Set down only the lines from the one containing "Auch die Alarmzentrale" through the final line of the entries below, exactly as they stand, with no pictures.

*DATA EXTRACTS:*
++++

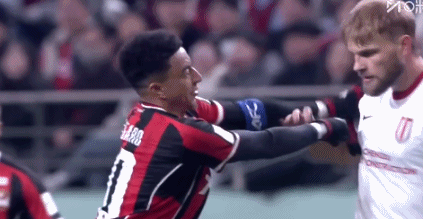 第42分钟,林加德试图抵牾莱切特快发随心球,后者伸手推搡林加德,后者立地回推了一把。莱切特再次双手推搡林加德,激发了两边球员的打破。
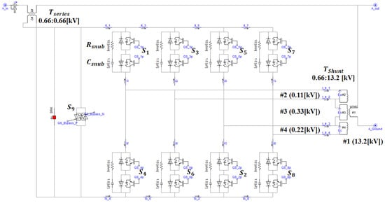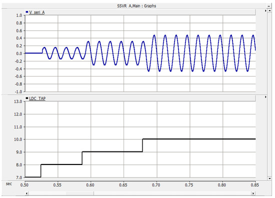 Figure 23. Based on the single-line phase nominal voltage of 13.2 kV in the target distribution system, 13 taps are operated in stages. The compensation voltage per tap is the same as the ISVR topology in
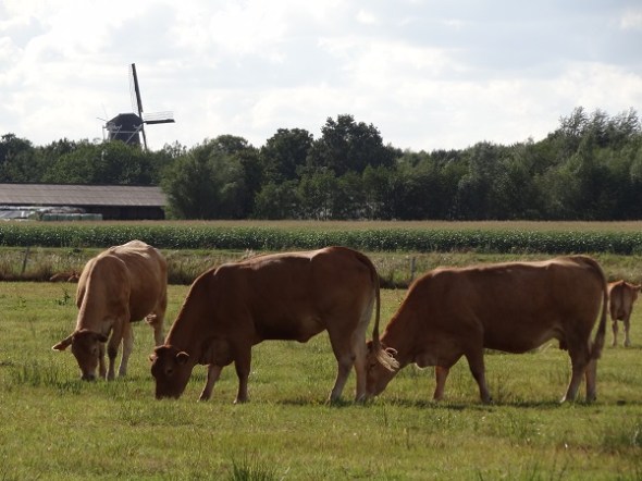 Rood vee bij de Bommelier met de molen van Roderwolde op de achtergrond:
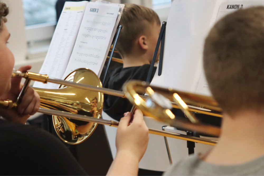 Die gesamte Klasse bildet ein Blasorchester. Beim gemeinsamen Musizieren kommt es darauf an, aufeinander Rücksicht zu nehmen und harmonisch zusammenzuarbeiten. Das stärkt den Klassenzusammenhalt ungemein.
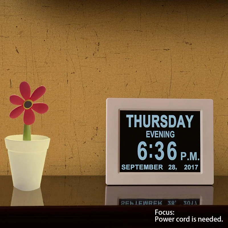 [Большой Sn дисплей]-8-дюймовый цифровой будильник с высоким разрешением четко определяет время, дату, месяц. Достаточно ясно, чтобы смотреть на время далеко.
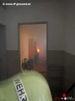 Auch die Alarmzentrale blieb während des Einsatzes besetzt. Die Lageerkundung durch den Einsatzleiter ergab eine auffallend starke Verrauchung am Gang des 1. Obergeschoßes. Der im Innenangriff vorgehende Atemschutztrupp von TANK 2 Gmünd meldete zusätzlich einen Brandübergriff auf Zwischenwände und Zimmerdecken.
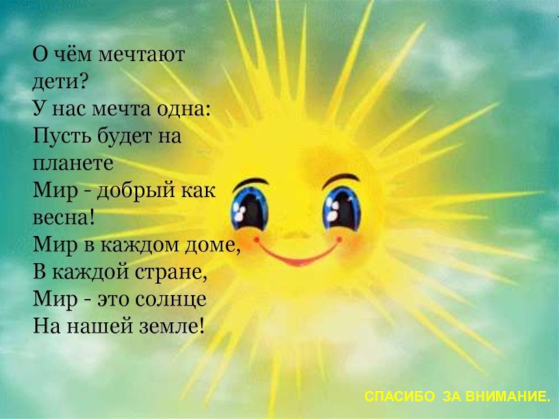 Слайд 30И СЕГОДНЯ МЫ СДЕЛАЕМ СВОЕ БОЛЬШОЕ СОЛНЦЕ ДРУЖБЫ ,МИРА И ДОБРА:
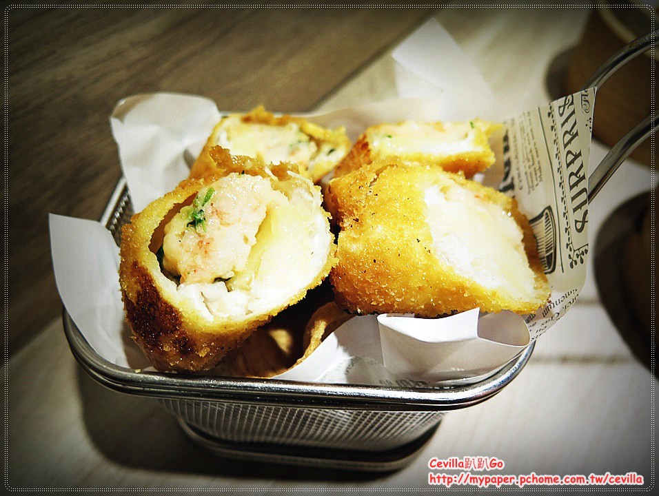 原以為是市售現成的沙拉捲,不過不太一樣,內餡是鯛魚片,鳳梨片和沙拉醬炸熟味道甜甜的要趁熱吃,底層一樣有蝦餅。(炸點類口味都很近似,沒有太大的差異性,可以挑幾樣吃看看,不然會和我們一樣很快胃就被塞飽喔!)
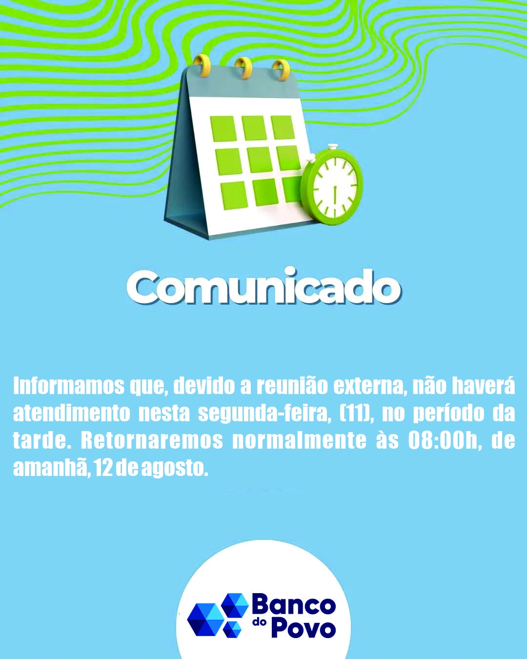 Informamos que nesta segunda-feira (11/08) o Sebrae Aqui e o Banco do Povo não terão atendimento no período da tarde, devido à realização de reunião externa.
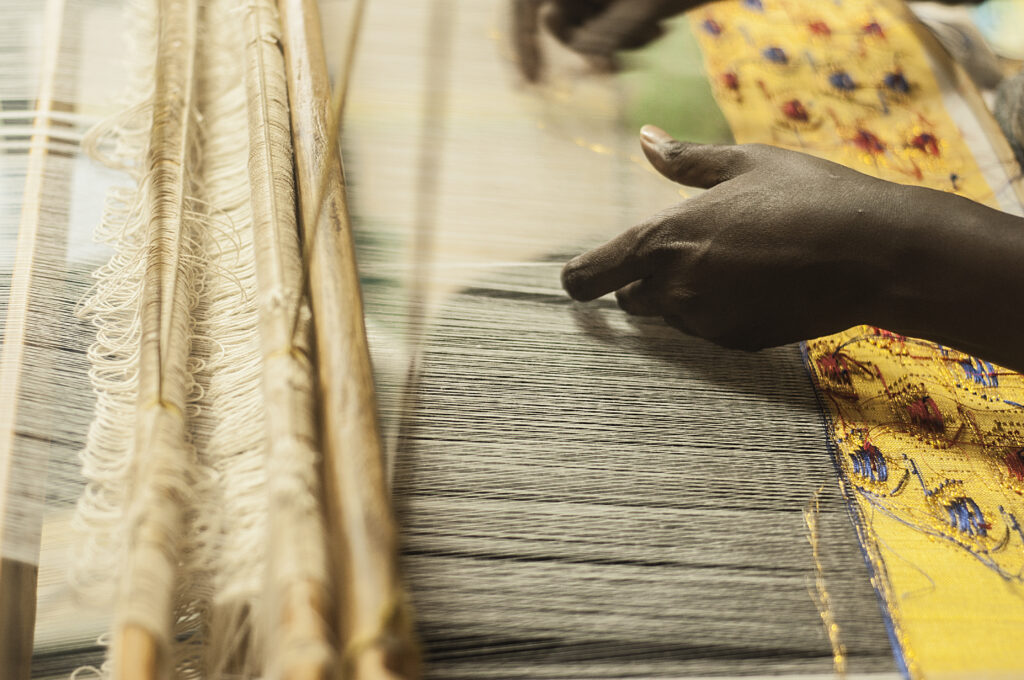The work is slow and precise. Depending on the pattern and color count, a single strip can take hours of focused weaving. The pick-and-pick technique lets the weaver switch colors thread by thread, creating crisp motifs without relying on dyeing or printing. It’s a craft passed down for generations and remains central to Ethiopian textile identity.

++++

*OUTPUT OF THE EXERCISE:*
 Auch die Alarmzentrale blieb während des Einsatzes besetzt. Die Lageerkundung durch den Einsatzleiter ergab eine auffallend starke Verrauchung am Gang des 1. Obergeschoßes. Der im Innenangriff vorgehende Atemschutztrupp von TANK 2 Gmünd meldete zusätzlich einen Brandübergriff auf Zwischenwände und Zimmerdecken.
 Слайд 30И СЕГОДНЯ МЫ СДЕЛАЕМ СВОЕ БОЛЬШОЕ СОЛНЦЕ ДРУЖБЫ ,МИРА И ДОБРА:
 原以為是市售現成的沙拉捲,不過不太一樣,內餡是鯛魚片,鳳梨片和沙拉醬炸熟味道甜甜的要趁熱吃,底層一樣有蝦餅。(炸點類口味都很近似,沒有太大的差異性,可以挑幾樣吃看看,不然會和我們一樣很快胃就被塞飽喔!)
 Informamos que nesta segunda-feira (11/08) o Sebrae Aqui e o Banco do Povo não terão atendimento no período da tarde, devido à realização de reunião externa.
The work is slow and precise. Depending on the pattern and color count, a single strip can take hours of focused weaving. The pick-and-pick technique lets the weaver switch colors thread by thread, creating crisp motifs without relying on dyeing or printing. It’s a craft passed down for generations and remains central to Ethiopian textile identity.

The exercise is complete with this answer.